ASSIGNMENT
As the answer, return precisely the lines from the one containing "PONTI GIO' (1891" to the final line of the material below, inclusive, and omit every picture.

*** Opening of DATASET EXTRACT ***

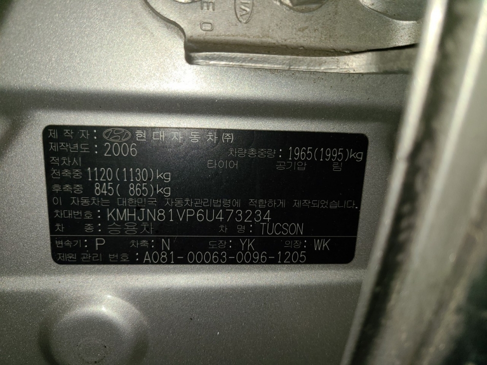 Model Hyundai Tucson Vehicle identification number KMHJN81VP6U473234
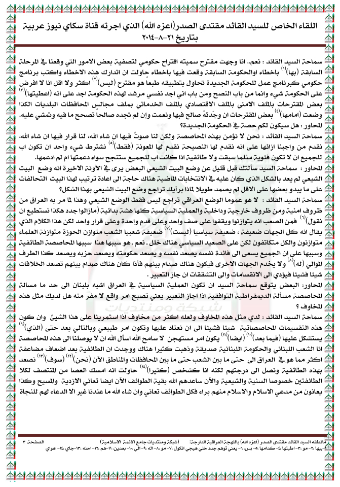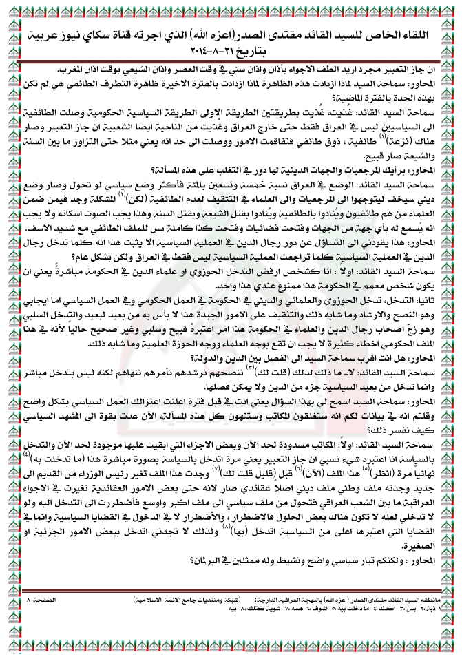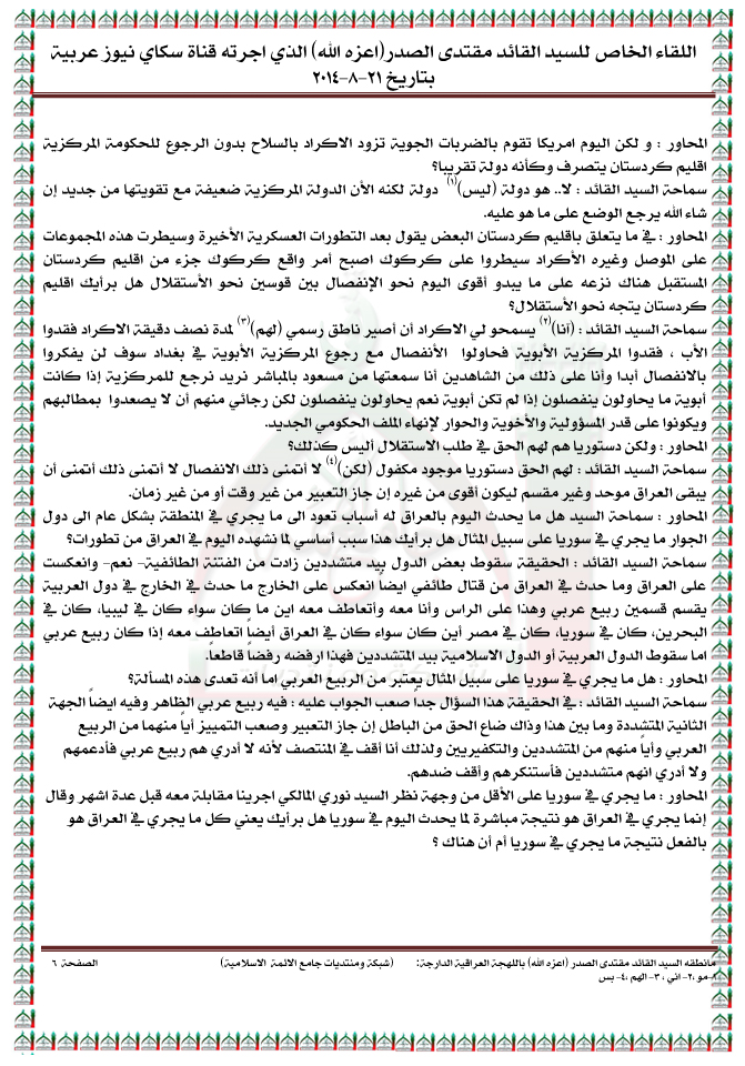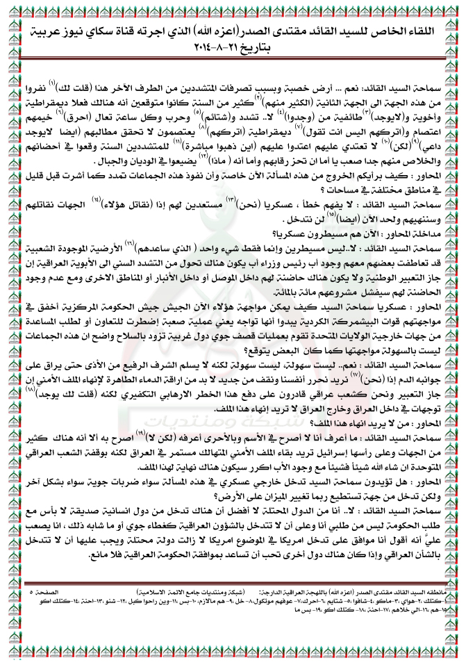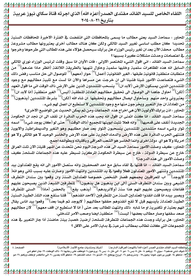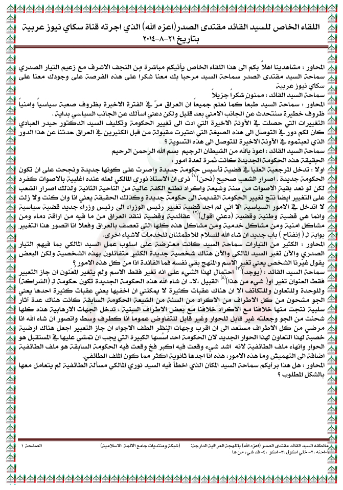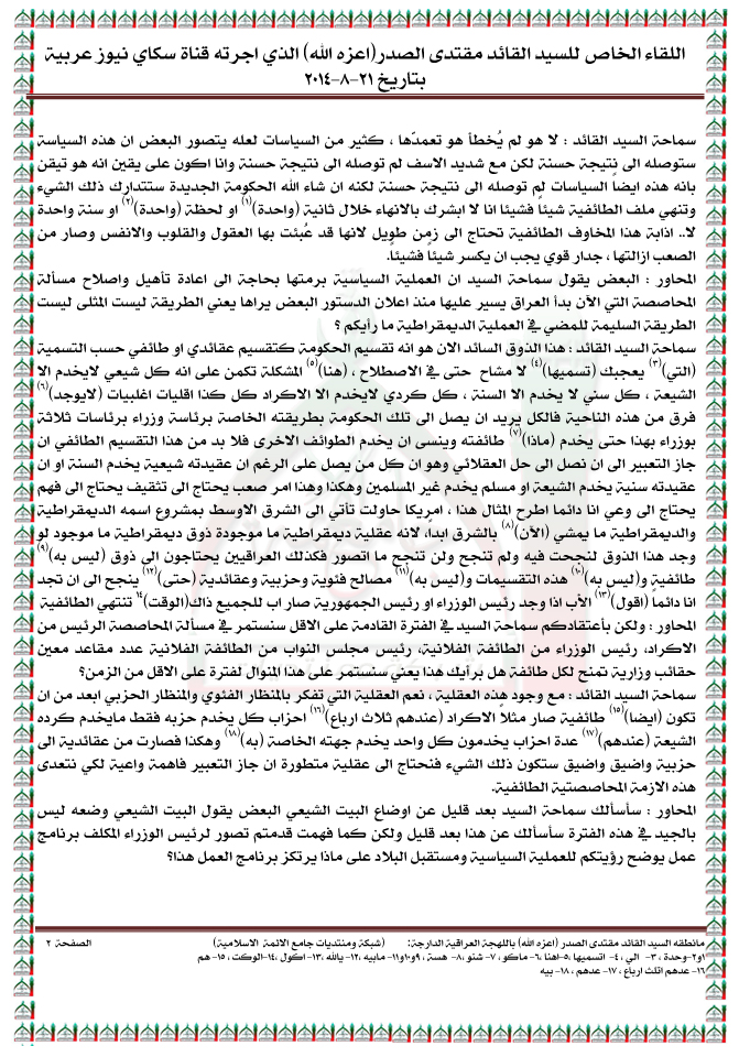 نص اللقاء الخاص للسيد القائد مقتدى الصدر (اعزه الله) الذي اجرته قناة سكاي نيوز عربية بتاريخ 21-8-2014
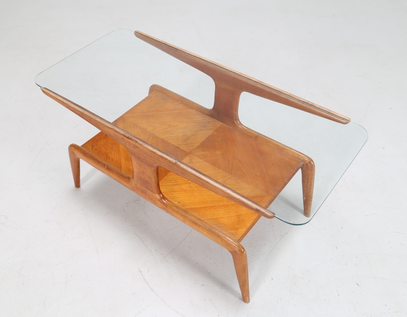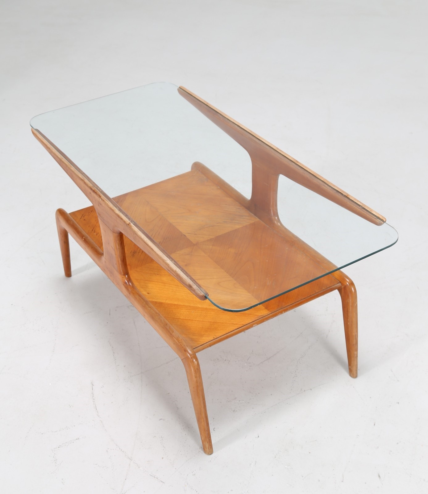 PONTI GIO' (1891 - 1979) Tavolino da caffe in frassino e piano in cristallo, anni 50. Expertise a cura di Salvatore Licitra Archives Gio Ponti Milano.
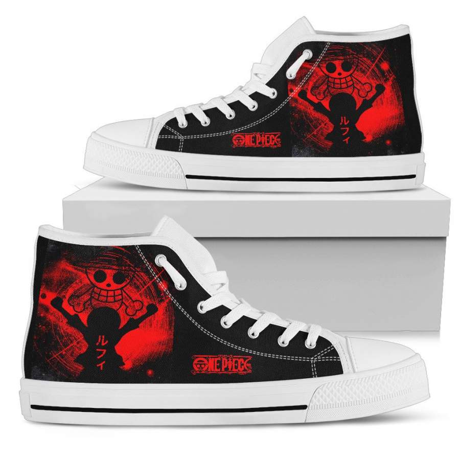 Luffy One Piece High Top Shoes Red design for fan T11012

*** Close of DATASET EXTRACT ***

EXERCISE RESULT
 PONTI GIO' (1891 - 1979) Tavolino da caffe in frassino e piano in cristallo, anni 50. Expertise a cura di Salvatore Licitra Archives Gio Ponti Milano.
 Luffy One Piece High Top Shoes Red design for fan T11012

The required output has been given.